Mike came to the summit of the old road and stopped and looked down. For a moment he felt lost again, as he had when he’d thought about the plump, blonde waitress. He had expected Canyon Street to look much brighter. He had expected a lot of orange windows close together on the other side of the canyon. Instead there were only a few scattered lights across the darkness, and they were white. They made no communal glow upon the steep slope, but gave out only single, white needles of light, which pierced the darkness secretly and lonesomely, as if nothing could ever pass from one house to another over there. Canyon Street was very dark too. There it went, the street he loved, steeply down into the bottom of the canyon, and down its length there were only the few street lights, more than a block apart, swinging in the wind and darting about that cold, small light. The snow whirled and swooped under the nearest street light below.

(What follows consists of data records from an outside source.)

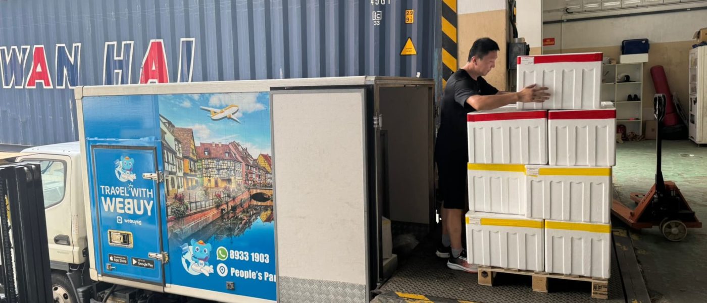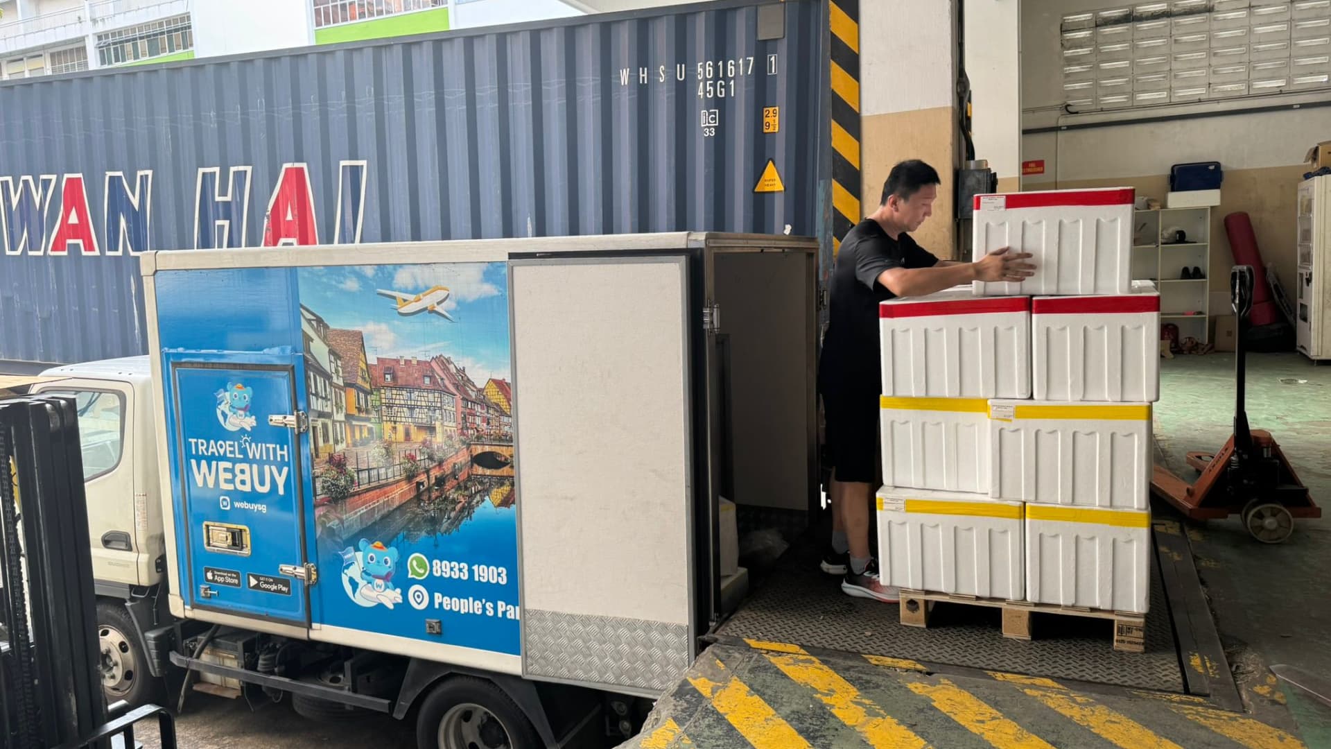 Singapore-based online grocery retailer Webuy staff is offloading containers filled with goods shipped from China.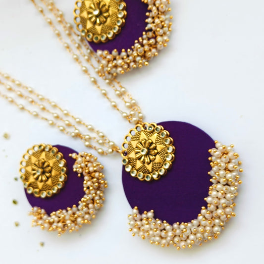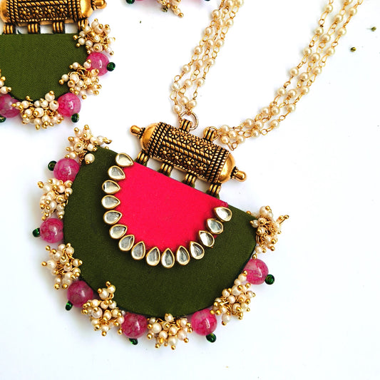GAMTHI 4.0 Ajarak Fabric Panchkon Necklace Set with Earrings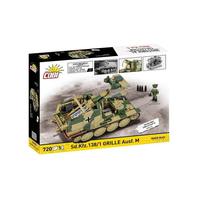 The COBI Grille Ausf. M model is a faithful reproduction of a German self-propelled gun in 1:28 scale, made from the highest quality bricks that connect precisely and durably. The set offers more than just fun. It offers the discovery of history through building!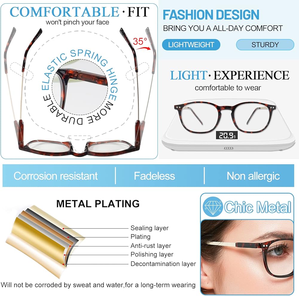 Comfortable fit - designer round readers for women, lightweight frame and bright light color to make a fresh and attractive look. With flexible spring hinge fits well for most faces, won't pinch head. Also non-slip one-piece nose pad, ergonomic temples and a bigger vision without turning neck for a all-day comfort.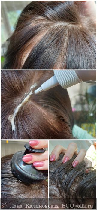 Наношу по проборам, распределяю по коже головы, делаю лёгкий массаж в течение нескольких минут. Надеваю шапочку и укутываю полотенцем.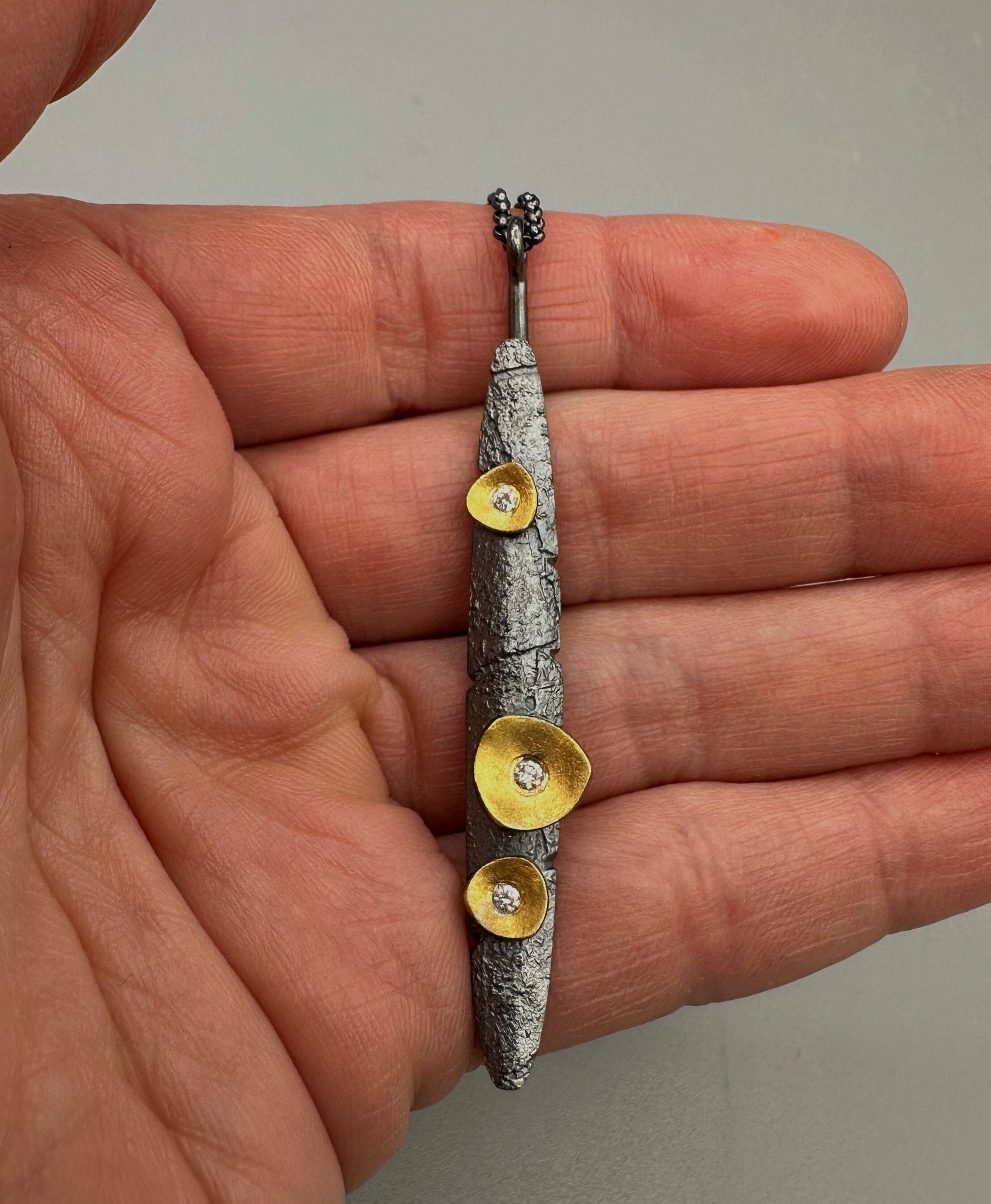 This oxidized silver and gold pendant features a streamlined shape with organic details that pop with color and contrast. An elegant taper of textured silver is accented with asymmetrical droplets kissed with 23K gold and lab-grown diamonds for extra sparkle.

“You are getting to be an old fool,” Mike Braneen said out loud to himself, and felt better. This was the way Gold Rock was now, of course, and he loved it all the better. It was a place that grew old with a man, that was going to die some time too. There could be an understanding with it.
He worked his way slowly down into Canyon Street, with Annie slipping and checking behind him. Slowly, with the blown snow behind them, they came to the first built-up block, and passed the first dim light showing through a smudged window under the arcade. They passed the dark places after it, too, and the second light. Then Mike Braneen stopped in the middle of the street, and Annie stopped beside him, pulling her rump in and turning her head away from the snow. A highway truck, coming down from the head of the canyon, had to get way over onto the wrong side of the street to pass them. The driver leaned out as he went by, and yelled, “Pull over, Pop. You’re in town now.”